Saturday, August 2, 2014

I’ve Been Bitten By a Tick! What Do I Do?

More than a dozen tick-borne diseases from a variety of ticks have been identified in the US alone. Some you’ve heard of—Lyme disease and Rocky Mountain spotted fever—while some are less familiar—babesiosis, anaplasmosis, and Heartland virus.

The most common is Lyme disease, caused by a spiral-shaped bacterium, or spirochete, called Borrelia burgdorferi. While the incidence of Lyme disease is rapidly growing, the good news is that most tick bites can be prevented or treated.

What kind of ticks should I watch out for?

Black-legged Ixodes ticks carry the Lyme disease bacterium and like to feed off various animal hosts. The highly infectious young nymphs prefer the white-footed mouse while the larger, less infectious adults have a predilection for deer. Since these animals live in wooded areas with tall grass, you should avoid these places.

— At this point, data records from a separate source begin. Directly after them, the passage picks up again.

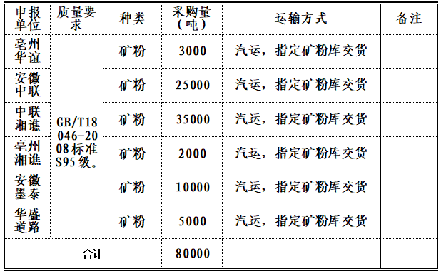 3.2022年6月至12月份礦粉計(jì)劃采購(gòu)量8萬(wàn)噸,具體如下: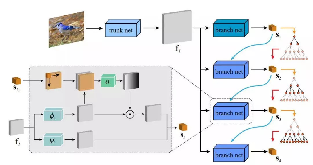 细粒度识别一般需要模型识别非常精细的子类别,它基本上就是同时使用图像全局信息和局部信息的分类任务。在本论文中,研究者们提出了一种新型层次语义框架,其自顶向下地由全局图像关注局部特征或更具判别性的区域。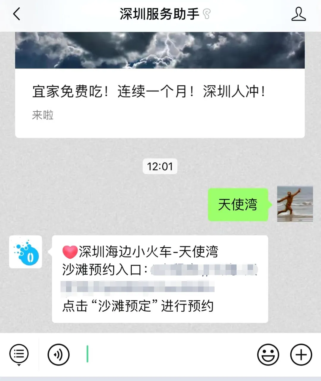 入口:点击【深圳服务助手】,进入后台聊天框发送关键词“天使湾”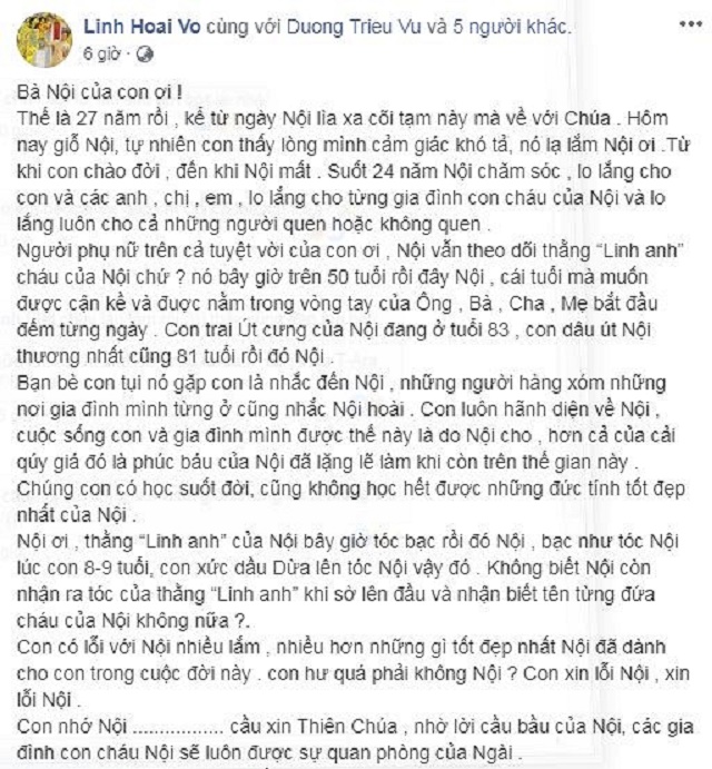 Nguyên văn bài viết của danh hài Hoài Linh: "Bà nội của con ơi! Thế là 27 năm rồi, kể từ ngày Nội lìa xa cõi tạm này mà về với Chúa. Hôm nay giỗ Nội, tự nhiên con thấy lòng mình cảm giác khó tả, nó lạ lắm Nội ơi. Từ khi con chào đời, đến khi Nội mất. Suốt 24 năm Nội chăm sóc, lo lắng cho con và các anh, chị, em lo lắng cho từng gia đình con cháu của Nội và lo lắng luôn cho cả những người quen hoặc không quen. Người phụ nữ trên cả tuyệt vời của con ơi, Nội vẫn theo dõi thằng 'Linh anh' cháu của Nội chứ? Nó bây giờ trên 50 tuổi rồi đây Nội, cái tuổi mà muốn được cận kề và được nằm trong vòng tay của Ông, Bà, Cha, Mẹ bắt đầu đếm từng ngày. Con trai Út cưng của Nội đang ở tuổi 83, con dâu út Nội thương nhất cũng 81 tuổi rồi đó Nội.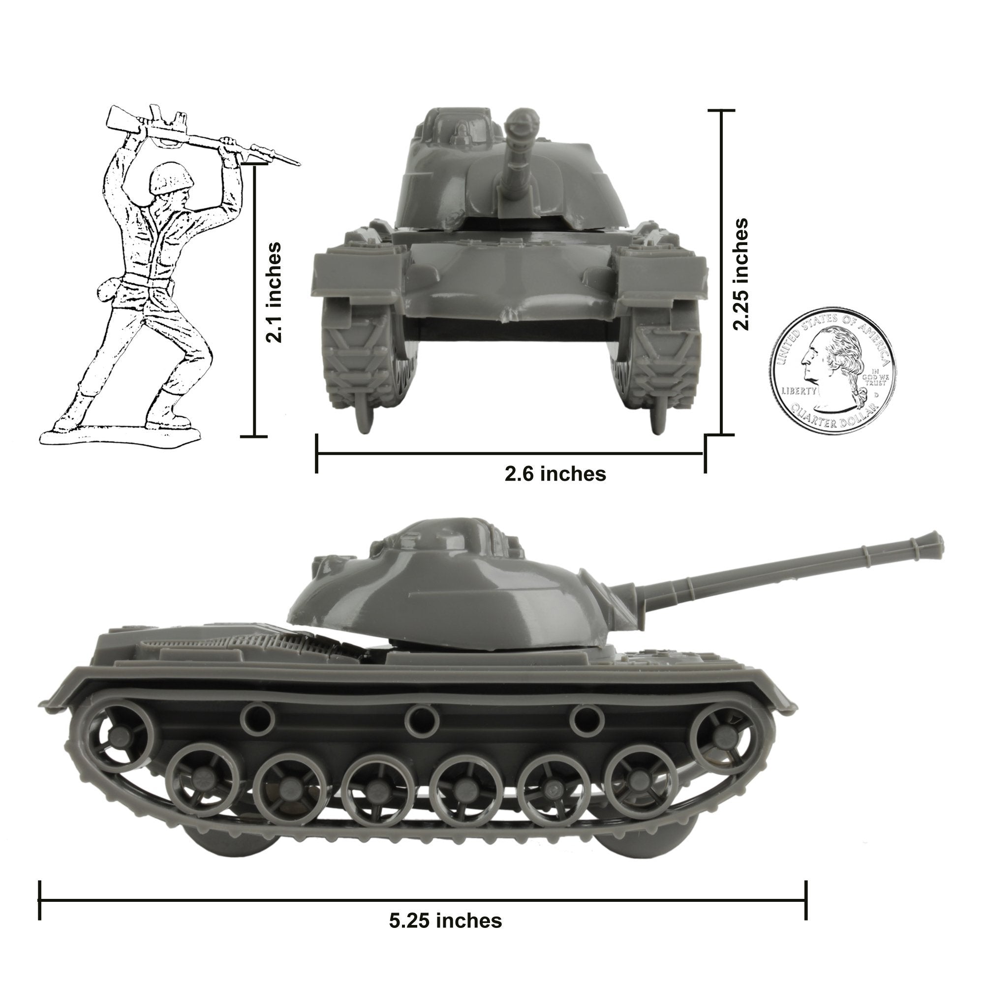 The Tim Mee Toy Patton Platoon Tank Division is ready for deployment in your Plastic Army. These #729 M48 Patton Tanks are proudly manufactured in the United States and available as this 3 piece Set. Each Tank features a turret that rotates, measures 6.5 inches long and is approximately 1:48 scale. Made from slightly stiff gray color HDPE plastic with lots of crisp detail and very little flashing. Modeled after the M48A2 Patton Tank, Tim Mee Toy first produced this toy in 1964 and modified the tooling several times over the decades until the final version seen here. This is the first time this Tank has been manufactured in a Charcoal-Gray color, and we're pleased to include a classic stars and serial number sticker sheet. As an extra bonus, stickers include mini-stars and a Tim Mee Toy logo that can be used to identify your favorite hero vehicle. This is likely the most popular and widely copied Army Men Tank of all time. These are real American Made toys, meant to be set up, knocked over, picked up and played with for years to come. Recommended for ages 5 and up.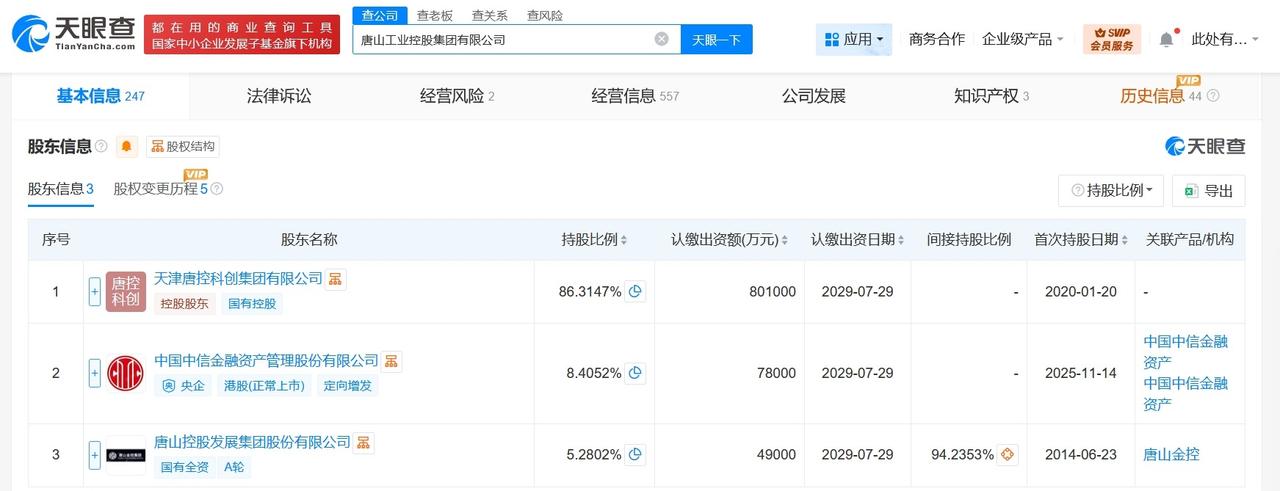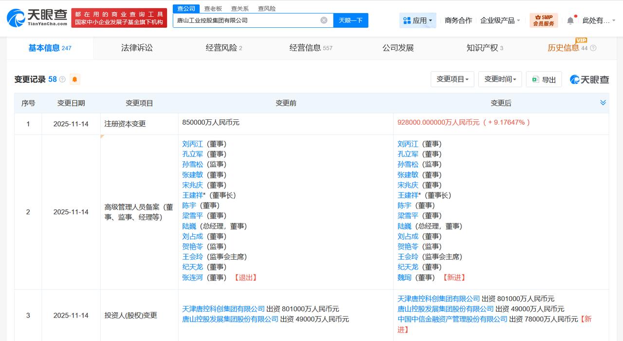 中信金融资产入股唐山工业控股集团后者增资至92.8亿 天眼查工商信息显示,近日,唐山工业控股集团有限公司发生工商变更,新增中国中信金融资产管理股份有限公司为股东,注册资本由85亿人民币增至92.8亿人民币,增幅约9%,同时,部分高管也发生变更。 唐山工业控股集团有限公司成立于2014年6月,法定代表人为王建祥,经营范围含企业总部管理、科技中介服务、知识产权服务、企业管理咨询、金属结构销售、金属材料销售、高品质特种钢铁材料销售、化工产品销售等。股东信息显示,该公司由天津唐控科创集团有限公司、唐山控股发展集团股份有限公司及上述新增股东共同持股。 天眼查信息: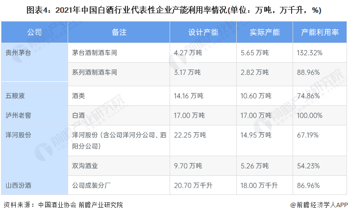 ——贵州茅台和泸州老窖的产能利用率远高于同行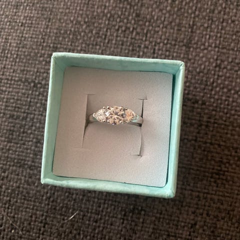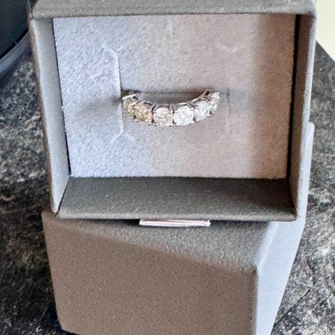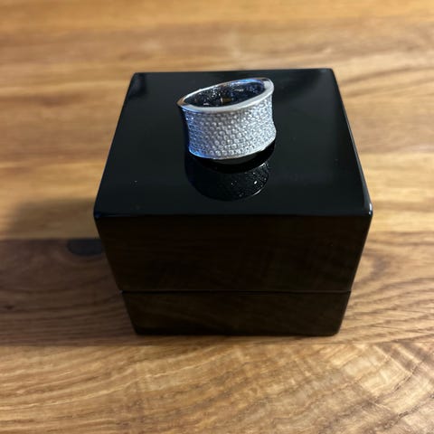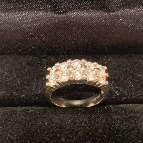 Nydelig diamantring, med glitrende og vakre diamanter fattet i tre rosetter.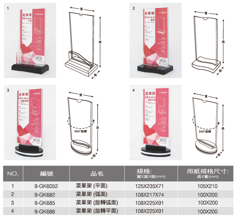 旋轉式菜單架 (單入裝)

How do I prevent tick bites?

The first step is to avoid wooded areas, but if you’re a hiker or camper, minimize your risk by walking in the middle of paths and trails. Use insect repellent containing 20 to 30 percent DEET on all exposed skin and clothing, tuck pant legs into your socks, and wear long-sleeved shirts. Clothing treated with 0.5 percent permethrin, another repellent, will stay effective through several wash and dry cycles. And don’t forget your pets. Not only are pets susceptible to many diseases from ticks, they can also bring ticks into your home. Talk to your veterinarian about monthly flea and tick repellent treatments and if you have a yard, treat it with acaricides. One spraying in late spring will reduce the number of nymphs, and another in October will reduce adult ticks.

Don’t miss Protect Yourself from Poison Oak, Poison Ivy, and Poison Sumac.

What if I find a tick on my skin?

Don’t panic—not all ticks are capable of spreading Lyme disease. Ixodes nymphs are the size of a poppy seed and have black legs while adults are much larger, often a half inch long. The good news is that because the Borrelia spirochete lives in the midgut of the tick, and it takes at least 36 hours for the spirochetes to migrate to the tick’s salivary glands. Therefore, it’s very rare to get Lyme disease unless the tick is attached to your skin for at least 36 to 48 hours. In most cases of Lyme disease, the evidence suggests that the tick was attached for at least 72 hours.

No matter how long the tick has been attached, you want to get it off. Use tweezers or small forceps (or your fingers if no other tool is available), grasp the tick close to the skin and pull up firmly with steady pressure—no squeezing or twisting, which could push more saliva into the wound. Disinfect the skin and wash your hands with soap and water. If it looks like parts of the mouth are still in your skin, don’t worry—these aren’t dangerous and your body will expel them.

What do I do after I’ve been bitten?

If you know the tick has been attached for less than 36 hours, you have little concern. If it has been longer or you’re not sure, there are a couple of options:

Antibiotic Therapy
In carefully prescribed situations, you can take a single dose of doxycycline (200 mg), an antibiotic. This can significantly lower the risk of Lyme disease, but only makes sense if all of the following conditions are met:
  •       The tick is a nymph or adult Ixodes tick
  •       You know it has been attached for more than 36 hours and you can take the doxycycline within 72 hours of it being removed
  •       At least 20 percent of ticks in your area are infected with the Borrelia spirochete (this is the case in much of New England, the Mid-Atlantic states, Wisconsin, and Minnesota)
  •       You don’t have any conditions that prevent you from taking doxycyline (no other antibiotic will work)
Watch and Wait
More commonly, even in persons who meet all the criteria above, a watch and wait approach is fine. For the next 30 days keep an eye on the bite site for a rash and any flu-like symptoms (fever, muscle aches, etc). The typical Lyme disease rash, called erythema migrans, is usually painless and expands slowly over several days to resemble a bull’s-eye. A simple, small red lesion at the site of a tick bite is normal and doesn’t necessarily mean you have Lyme disease.

What do I do if I think I have Lyme disease?

If a rash or flu-like symptoms develop, see your healthcare provider. But don’t worry—diagnosed at this stage, Lyme disease is essentially 100 percent curable with antibiotic therapy.

Not every Lyme rash has all the classic features, so don’t hesitate to have your healthcare provider check it out if you’re unsure.